• **Recorded information**
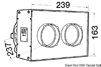 Montaggio nella posizione più indicata. Tramite due uscite a tubo flessibile Ø 75 mm, si raggiungono due bocchette orientabili da montare a paratia. Stesse caratteristiche
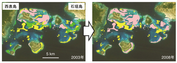 左の画像は、2003年(白化が起きる前)のサンゴの状態を、右の画像は、2008年(白化が起きた後)の状態を示しています。サンゴの状態を3つに分け、緑色の部分は健全なサンゴの比率が50-100%、黄色は5-50%、ピンク色は5%以下であることを表しています。左右を比べてみると、2003年には緑色だった部分が、2008年に黄色またはピンク色に変わり、緑色が少なくなっていることがわかります。これは、白化により、健全なサンゴが減少したことを示しています。
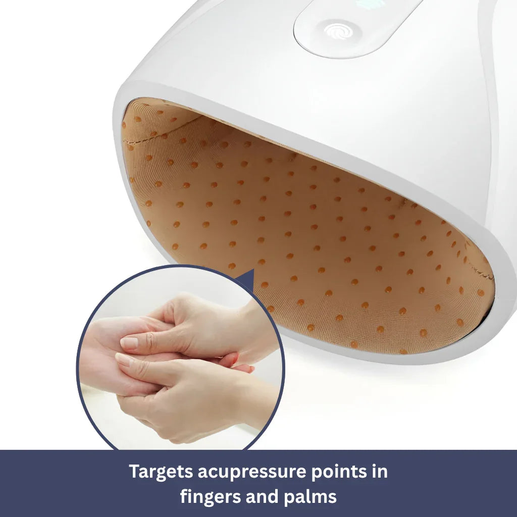 Simply place your hand inside the device, aligning your palm with the center of the massage pad.

• **Your objective**
Print the preceding material over again exactly. Please leave the pictures out.

• **Answer section**
 Montaggio nella posizione più indicata. Tramite due uscite a tubo flessibile Ø 75 mm, si raggiungono due bocchette orientabili da montare a paratia. Stesse caratteristiche
 左の画像は、2003年(白化が起きる前)のサンゴの状態を、右の画像は、2008年(白化が起きた後)の状態を示しています。サンゴの状態を3つに分け、緑色の部分は健全なサンゴの比率が50-100%、黄色は5-50%、ピンク色は5%以下であることを表しています。左右を比べてみると、2003年には緑色だった部分が、2008年に黄色またはピンク色に変わり、緑色が少なくなっていることがわかります。これは、白化により、健全なサンゴが減少したことを示しています。
 Simply place your hand inside the device, aligning your palm with the center of the massage pad.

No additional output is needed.